CVRPTW
The capacitated vehicle routing problem with time windows (CVRPTW) is a variant of the CVRP in which each customer has a time window during which it should be visited.
Instances format
The demo reads instances in the standard Solomon format.
The first line indicates the name of instance.
The fifth line gives the number of vehicles and the capacity.
From the 10th line, we have the following information for each point of graph:
Index of the point (0 corresponds to the depot)
X coordinate
Y coordinate
Demand
Time window begin
Time window end
Service time
Run instances
There are two ways to run a specific instance:
Command line
After the installation, you can run an instance by specifying different parameters directly in the command line, like this:
python CVRPTW.py -i <instance path> -t <time limit> -s <solver_name>
CPLEX solver can be used only with the academic version. When using CPLEX solver on a Windows computer, one should give its path: -p <path to CPLEX>.
Python file
You can specify the instance name directly in the demo file CVRPTW.py, by uncommenting the last line:
solve_demo("R101.txt")
Demo code
Get data
# read instance
data = read_cvrptw_instance(instance_name,folder_data)

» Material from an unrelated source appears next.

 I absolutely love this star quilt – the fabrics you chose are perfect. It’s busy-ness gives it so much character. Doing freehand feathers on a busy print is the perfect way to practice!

An example of the contents of data :
vehicle_capacity = 300
max_number = 2 #maximum number of vehicles
nb_customers = 3
cust_demands = [15,52,65]
cust_coordinates = [[55.21,44.36],[54.31,65.23],[57.81,53.27]]
depot_coordinates = [54.69,57.36]
depot_service_time = 0
depot_tw_end = 1
depot_tw_begin = 5
cust_tw_begin = [2,3,5]
cust_tw_end = [4,8,10]
cust_service_time = [1,1,1.3]
Add vehicle type
# create model model = solver.Model() # add vehicle type model.add_vehicle_type(id=1, start_point_id=0, end_point_id=0, max_number=data.max_number, capacity=data.vehicle_capacity, tw_begin=data.depot_tw_begin, tw_end=data.depot_tw_end, var_cost_dist=1 )

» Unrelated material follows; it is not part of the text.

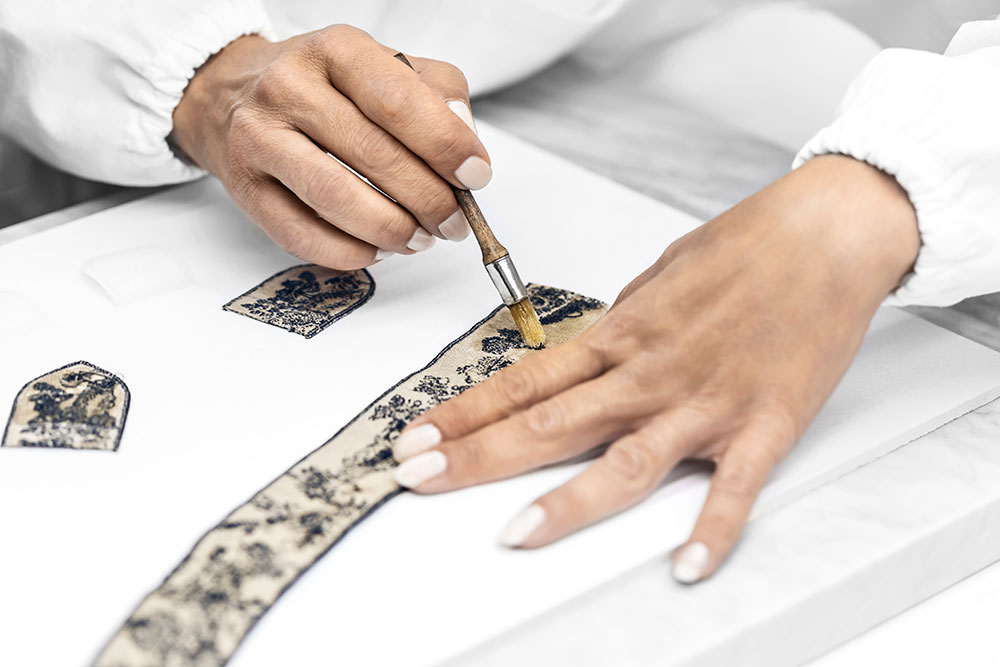 Dior (ディオール) の「トワル ドゥ ジュイ」テキスタイルを用いた新作バッグ「ブック トート」の制作風景を捉えた映像が公開された。

As there is only one depot with id 0, the vehicle start and end in the point with id 0.
Add depot and customers
# add depot
model.add_depot(id=0,
service_time=data.depot_service_time,
tw_begin=data.depot_tw_begin,
tw_end=data.depot_tw_end)
# add all customers
for i in range(data.nb_customers):
model.add_customer(id=i + 1,
service_time=data.cust_service_time[i],
tw_begin=data.cust_tw_begin[i],
tw_end=data.cust_tw_end[i],
demand=data.cust_demands[i])
Note
If want to put an optional customer you can specify a positive penalty attribute:
# add an optional customers model.add_customer(id=3, service_time=data.cust_service_time[i], tw_begin=data.cust_tw_begin[i], tw_end=data.cust_tw_end[i], demand=data.cust_demands[i] penalty = 5)
Add links
# Compute the links between depot and other points
for i,cust_i in enumerate(data.cust_coordinates):
dist = compute_euclidean_distance(cust_i[0],
cust_i[1],
data.depot_coordinates[0],
data.depot_coordinates[1])
model.add_link(start_point_id=0,
end_point_id=i + 1,
distance=dist,
time=dist)
# Compute the links between points
for i,cust_i in enumerate(data.cust_coordinates):
for j in range(i + 1, len(data.cust_coordinates)):
dist = compute_euclidean_distance(cust_i[0],
cust_i[1],
data.cust_coordinates[j][0],
data.cust_coordinates[j][1])
model.add_link(start_point_id=i + 1,
end_point_id=j + 1,
distance=dist,
time=dist)
}
Note
You can define parallel links between the same pair of customers or between a customer and a depot. This my be useful if there is a trade-off between traveling time and distance.
Set parameters
# set parameters
model.set_parameters(time_limit=30, solver_name="CLP")
Solve model
model.solve()
Print solution
You can output the solution using the print() function
if (model.solution.is_defined())
print(model.solution)
or you can analyze the solution manually by retrieving each route. For and example, consult the last section of the demo CVRP.